Джорджия устраивается рядом со мной и начинает набирать смс.
Дверь распахивается, и в приемную выходит стройный мужчина за сорок. На нем отличного покроя бежевый льняной костюм без галстука. Аккуратная серая бородка и седые виски. На носу – прямоугольные очки в черепаховой оправе.
Он замечает Джорджию, и на его лице расцветает улыбка.
– Вижу знакомое лицо!
Джорджия вскакивает.
– Поскольку я уже не пациентка, могу я вас обнять?
Доктор Мендес широко распахивает объятия.
– Конечно! – Они обнимаются, и он окидывает ее внимательным взглядом. – Выглядишь здоровой и счастливой. – У него едва различимый акцент.
– Так и есть. Как дела у Стивена и ваших детей?

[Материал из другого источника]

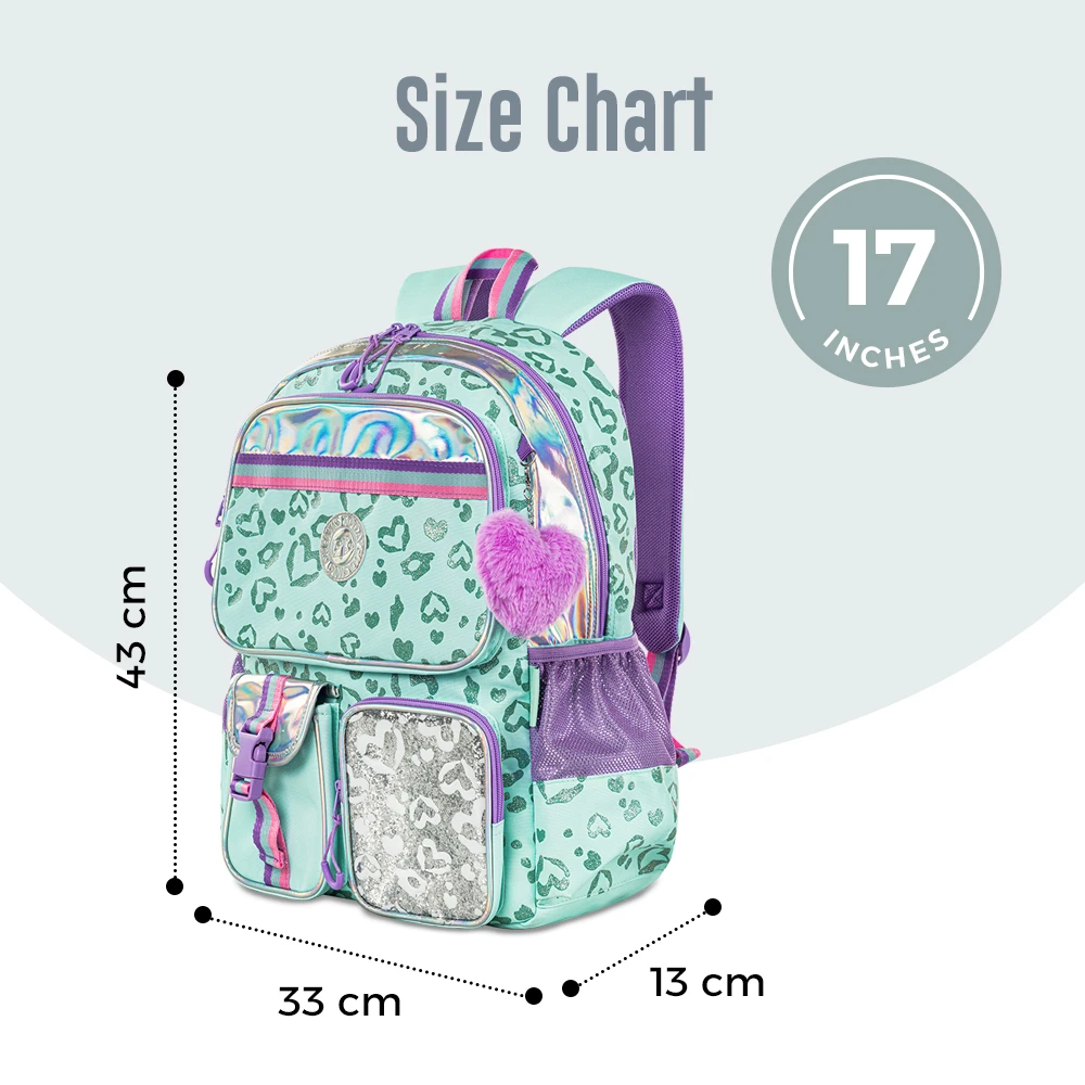 The Eazy Kids 17" Love Green School Backpack Set combines style, comfort, and practicality in one. Featuring a trendy green tone with “Love” theme accents, this 4-piece set includes a trolley backpack, insulated lunch bag, and pencil pouch. The 4-wheel trolley ensures smooth, easy rolling even when the bag is full, reducing strain on young shoulders and backs.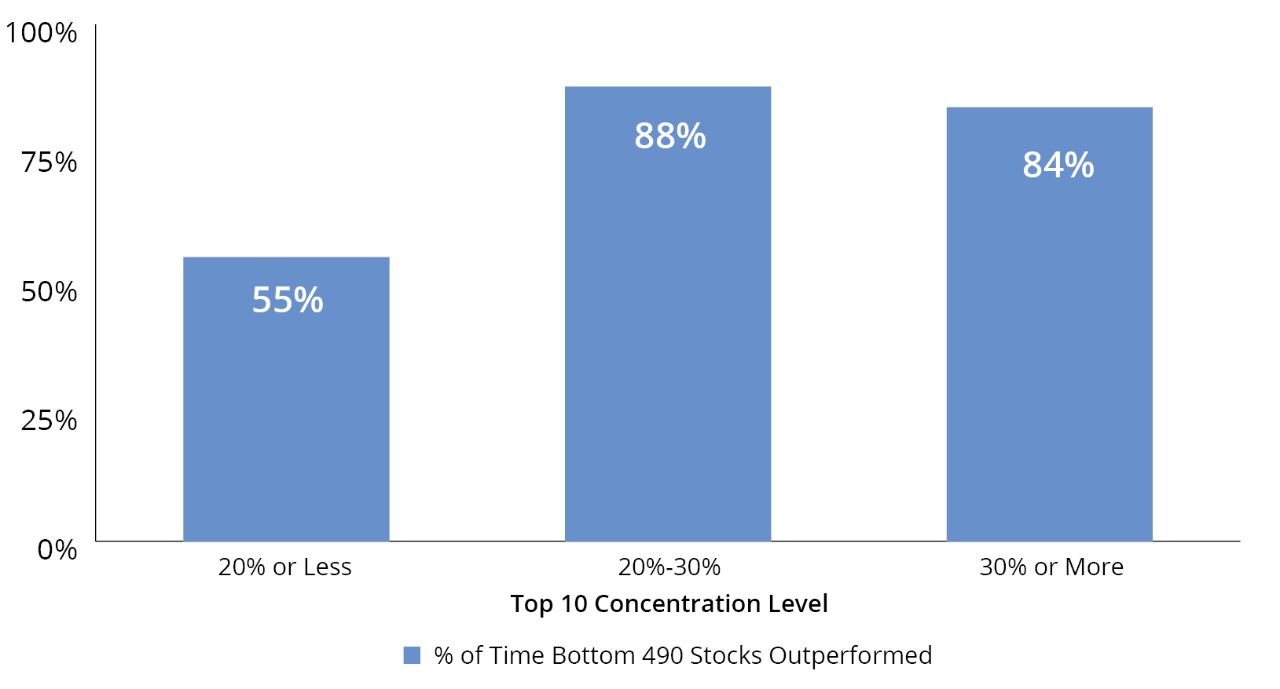 4. When concentration in the top 10 is 30% or more, the bottom 490 have historically outperformed 84% of the time over the next five years (FIGURE 6).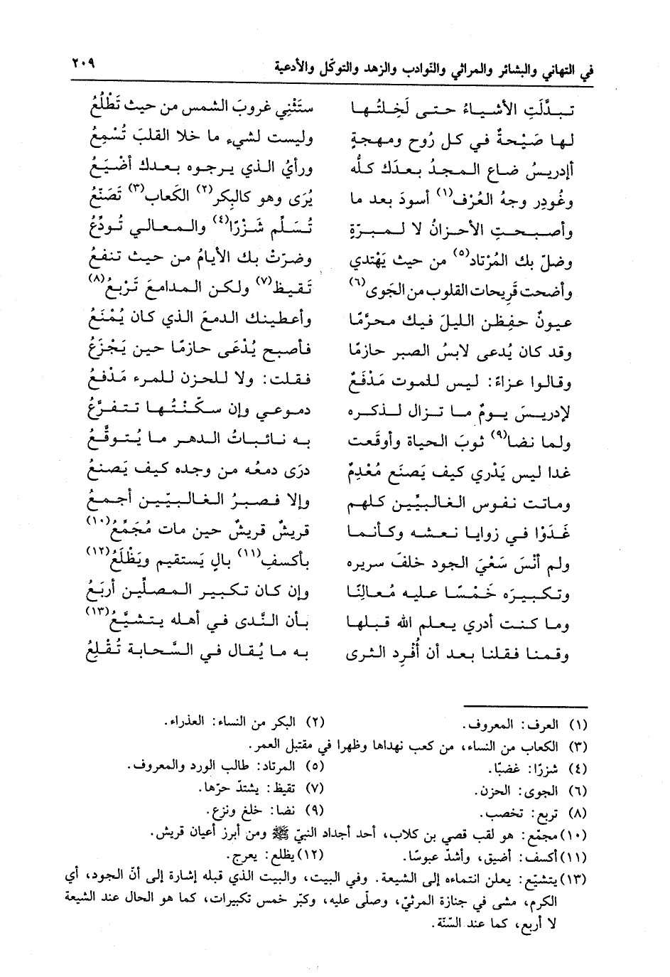 وأصبحت الأحزان لا لمبرةٍ . . . تسلم شزراً والمعالي تودع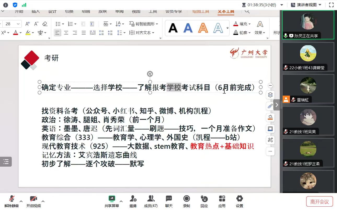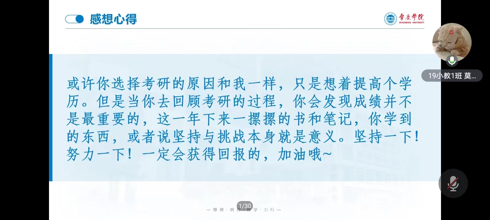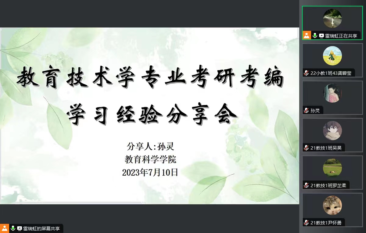 7月10日,特邀2021届教育技术学校友孙灵参加教育技术学专业考研考编经验线上分享会。孙灵围绕着“择校经验、学习方法、资源查找、时间安排”等方面,分享了自己考研考编的经验技巧。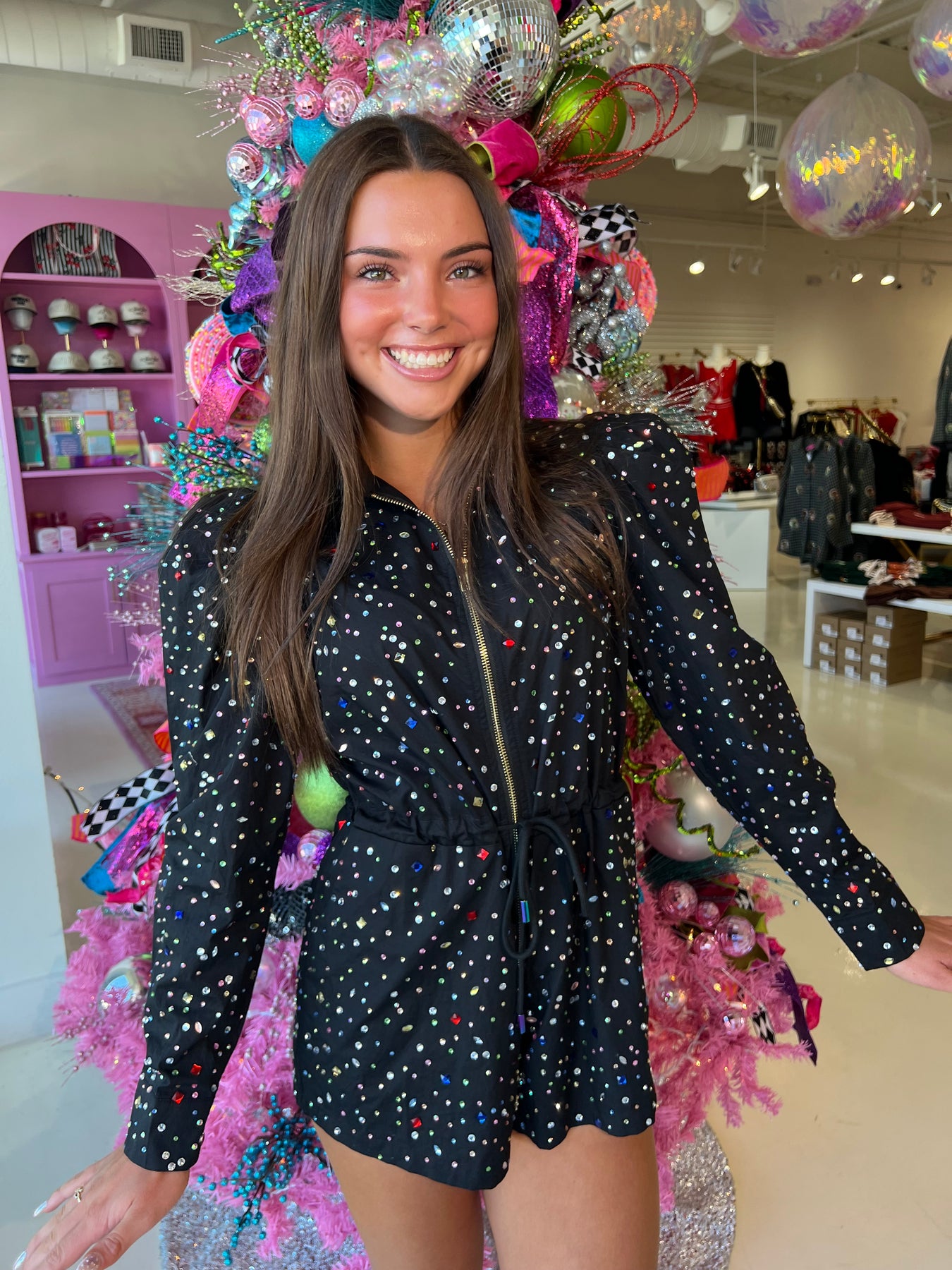 QOS Black Rhinestone Longsleeve Romper

– Ну, Аурелия начинает учиться в академии Хардинга, Рубен через несколько дней отправляется в Стэнфорд. А что касается Стивена… – Доктор Мендес поднимает левую руку, демонстрируя Джорджии серебряное кольцо.
Она взвизгивает и тут же зажимает ладонями рот.
– Вырвалось. Мои поздравления! Когда?
Его лицо сияет улыбкой.
– В июне в Сономе. Это недалеко от того места, где вырос Стивен. Джорджия, это было прекрасно. Даже моя матушка-католичка была там, и я увидел, что она прослезилась.
– Я так рада за вас обоих.
– О, спасибо, спасибо. – Его взгляд падает на меня. – Ну, и кого ты привела?
– Это мой брат Карвер.
Доктор Мендес протягивает мне руку.
– Карвер, рад познакомиться. – Я чувствую крепкое рукопожатие дружелюбного и искреннего человека.
– Рад знакомству, доктор Мендес.
Он указывает в сторону кабинета.
– Пойдем? Без лишних церемоний?
Я вхожу в кабинет. У меня за спиной доктор Мендес спрашивает Джорджию:
– Ты останешься? Если да, то не будем прощаться.
Джорджия говорит, что подождет, пока мы закончим.
Я оглядываюсь. Здесь та же роскошная мебель вперемешку с антикварными вещицами. На стене висят в рамках старинные карты и изображения растений. Пахнет специями и деревом – это теплый, простой и чистый запах. На высоких полках от пола до потолка стройными рядами стоят книги. Здесь руководства по диагностике и другие профессиональные книги, но также книги об искусстве фотографии и живописи, беллетристика и стихи. Классика в кожаных переплетах. Книги на испанском и английском. Я впечатлен.
Доктор Мендес закрывает дверь и машет рукой в сторону двух абсолютно одинаковых коричневых кожаных кресел, расположенных друг напротив друга, и журнального столика между ними, на котором стоят графин с водой, стаканы и коробка с бумажными носовыми платками.